YOUR GOAL: Take the records below and set down exactly the lines from the one with "コーティング施工前に塗装面に" to the one with "อพาร์ทเมนท์สีขาวที่มองเห็นวิวทะเล", ends included; do not copy the pictures.

RECORDS FOR PROCESSING:
- Opening Delimiter -

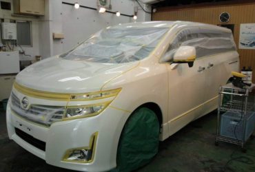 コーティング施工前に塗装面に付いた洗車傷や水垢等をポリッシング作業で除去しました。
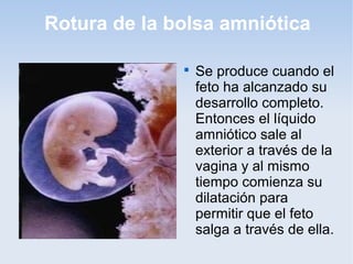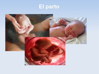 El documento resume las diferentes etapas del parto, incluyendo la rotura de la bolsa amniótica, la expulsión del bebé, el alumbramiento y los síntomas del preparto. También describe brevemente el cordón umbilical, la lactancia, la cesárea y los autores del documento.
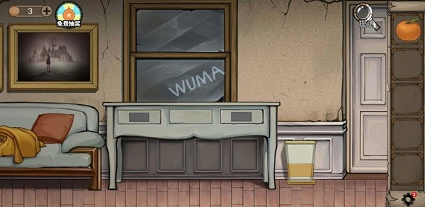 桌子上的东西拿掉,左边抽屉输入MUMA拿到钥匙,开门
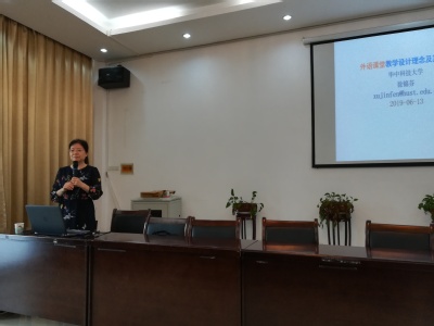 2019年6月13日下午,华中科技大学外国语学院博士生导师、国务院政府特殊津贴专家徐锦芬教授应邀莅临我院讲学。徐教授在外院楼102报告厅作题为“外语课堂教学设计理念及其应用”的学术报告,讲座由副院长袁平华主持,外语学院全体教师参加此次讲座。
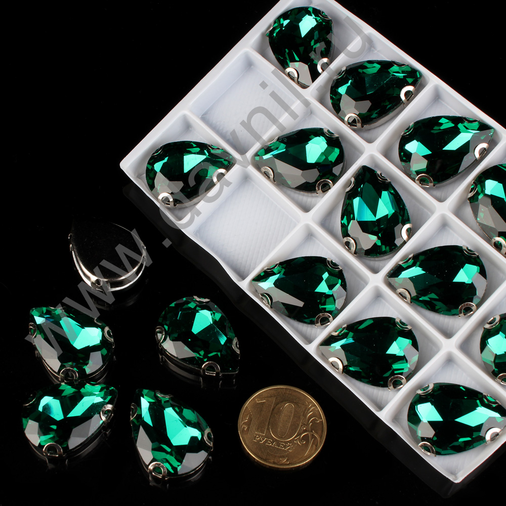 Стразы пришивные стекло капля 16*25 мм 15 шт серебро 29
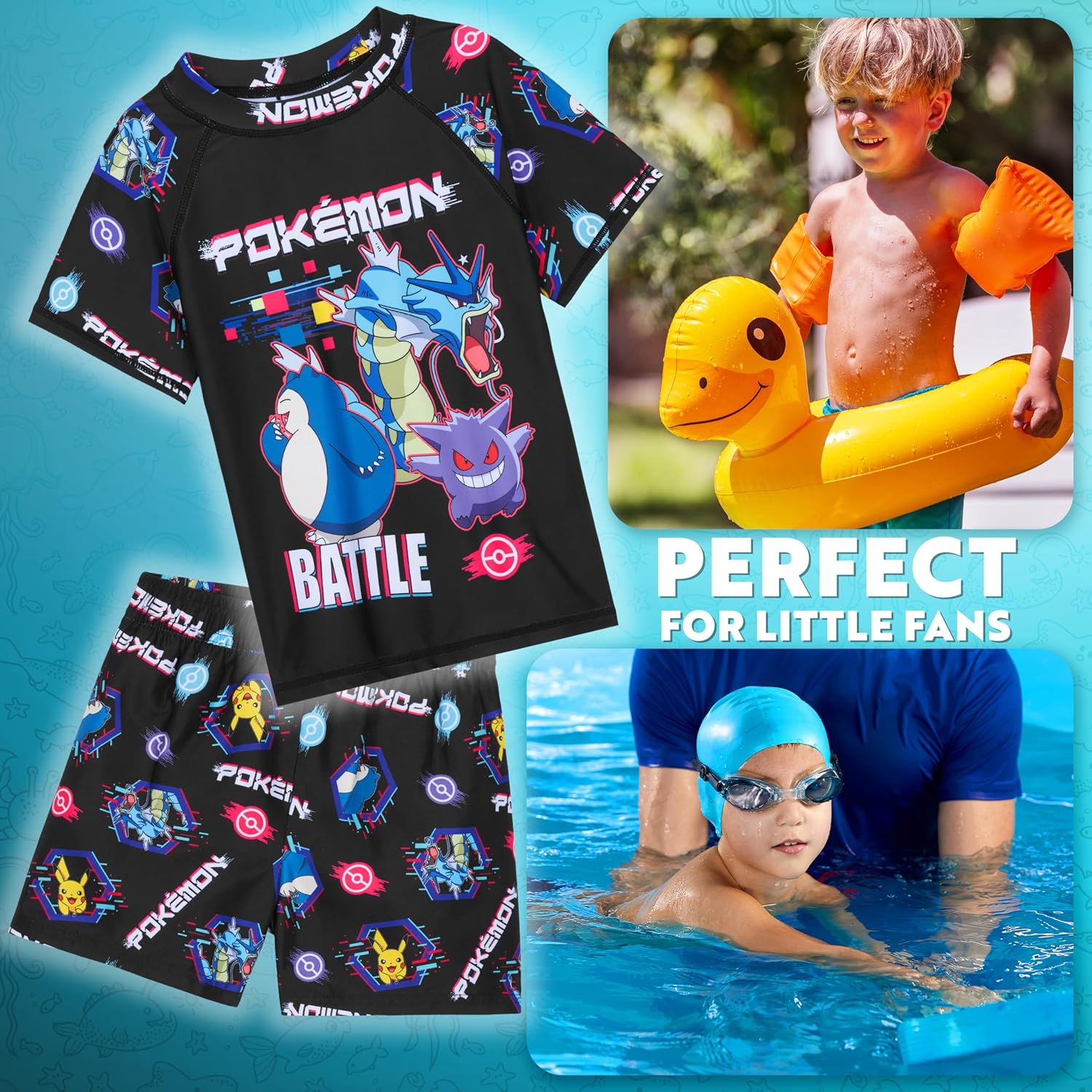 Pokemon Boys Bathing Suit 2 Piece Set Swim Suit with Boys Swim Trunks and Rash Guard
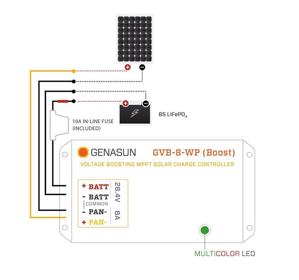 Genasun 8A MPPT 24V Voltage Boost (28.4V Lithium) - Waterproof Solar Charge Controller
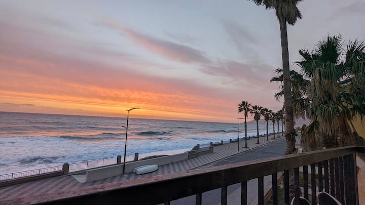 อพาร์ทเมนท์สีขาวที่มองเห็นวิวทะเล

- Closing Delimiter -
- Opening Delimiter -

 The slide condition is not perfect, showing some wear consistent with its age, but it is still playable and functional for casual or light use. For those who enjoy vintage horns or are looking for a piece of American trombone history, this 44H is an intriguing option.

- Closing Delimiter -
- Opening Delimiter -

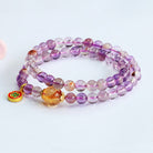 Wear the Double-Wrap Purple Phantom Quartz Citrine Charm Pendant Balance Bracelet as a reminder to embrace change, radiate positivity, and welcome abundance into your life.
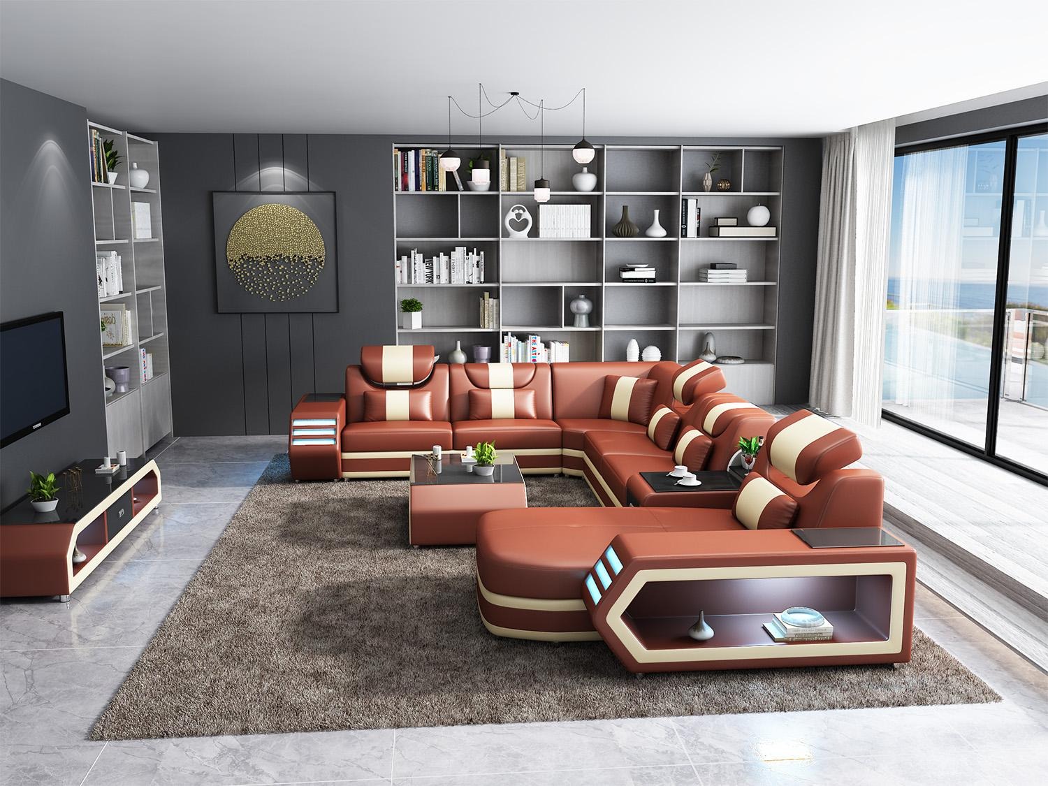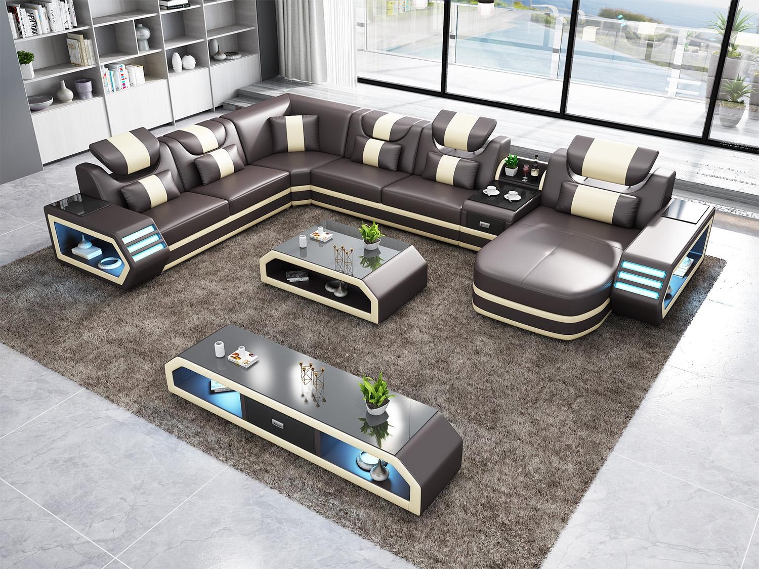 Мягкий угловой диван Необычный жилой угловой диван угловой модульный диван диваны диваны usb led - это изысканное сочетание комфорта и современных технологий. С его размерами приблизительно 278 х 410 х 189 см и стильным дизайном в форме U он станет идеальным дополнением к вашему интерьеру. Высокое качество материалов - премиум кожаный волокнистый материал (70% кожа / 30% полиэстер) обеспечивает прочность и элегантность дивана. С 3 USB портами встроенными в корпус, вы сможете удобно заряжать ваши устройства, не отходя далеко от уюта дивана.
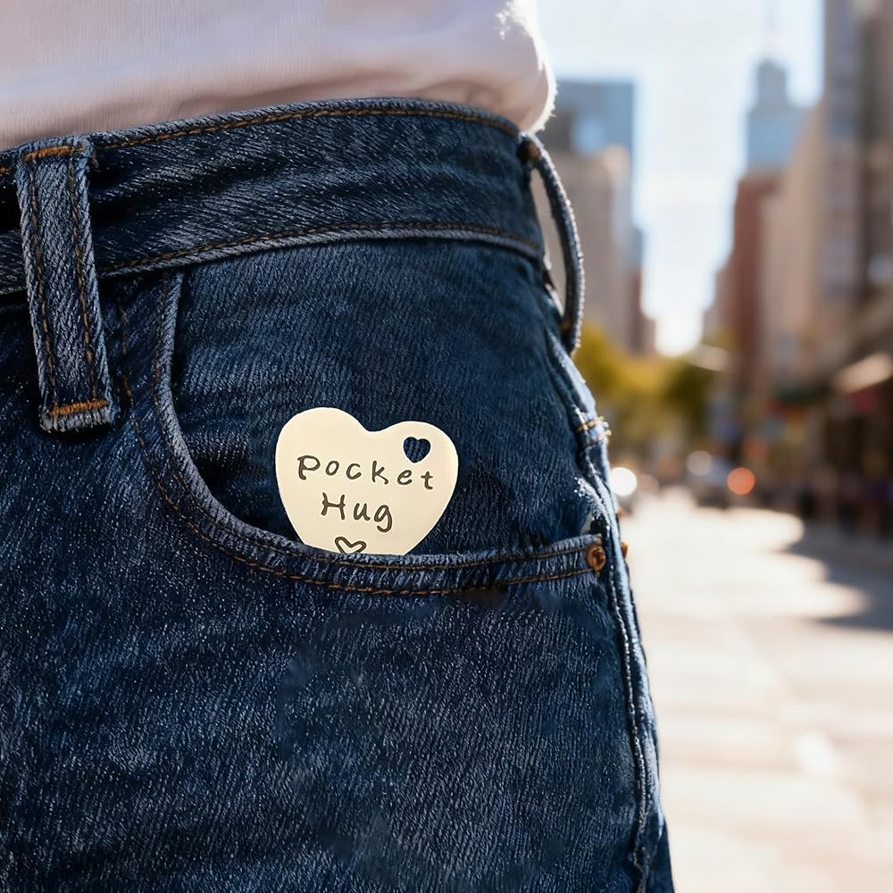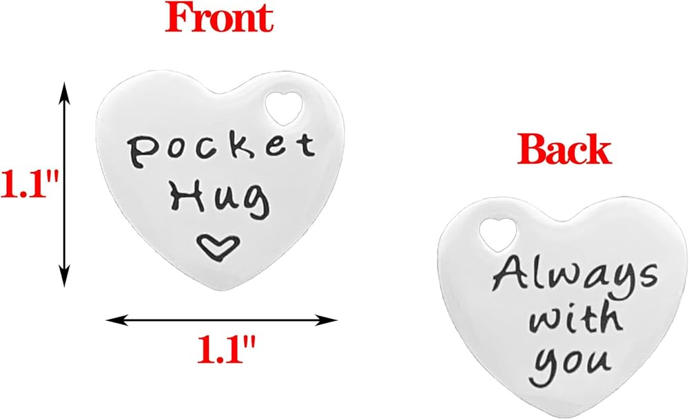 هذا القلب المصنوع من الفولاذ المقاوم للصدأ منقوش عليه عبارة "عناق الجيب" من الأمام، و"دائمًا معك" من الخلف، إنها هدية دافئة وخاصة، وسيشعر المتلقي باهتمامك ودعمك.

- Closing Delimiter -

RESPONSE AREA:
 コーティング施工前に塗装面に付いた洗車傷や水垢等をポリッシング作業で除去しました。
 El documento resume las diferentes etapas del parto, incluyendo la rotura de la bolsa amniótica, la expulsión del bebé, el alumbramiento y los síntomas del preparto. También describe brevemente el cordón umbilical, la lactancia, la cesárea y los autores del documento.
 桌子上的东西拿掉,左边抽屉输入MUMA拿到钥匙,开门
 2019年6月13日下午,华中科技大学外国语学院博士生导师、国务院政府特殊津贴专家徐锦芬教授应邀莅临我院讲学。徐教授在外院楼102报告厅作题为“外语课堂教学设计理念及其应用”的学术报告,讲座由副院长袁平华主持,外语学院全体教师参加此次讲座。
 Стразы пришивные стекло капля 16*25 мм 15 шт серебро 29
 Pokemon Boys Bathing Suit 2 Piece Set Swim Suit with Boys Swim Trunks and Rash Guard
 Genasun 8A MPPT 24V Voltage Boost (28.4V Lithium) - Waterproof Solar Charge Controller
 อพาร์ทเมนท์สีขาวที่มองเห็นวิวทะเล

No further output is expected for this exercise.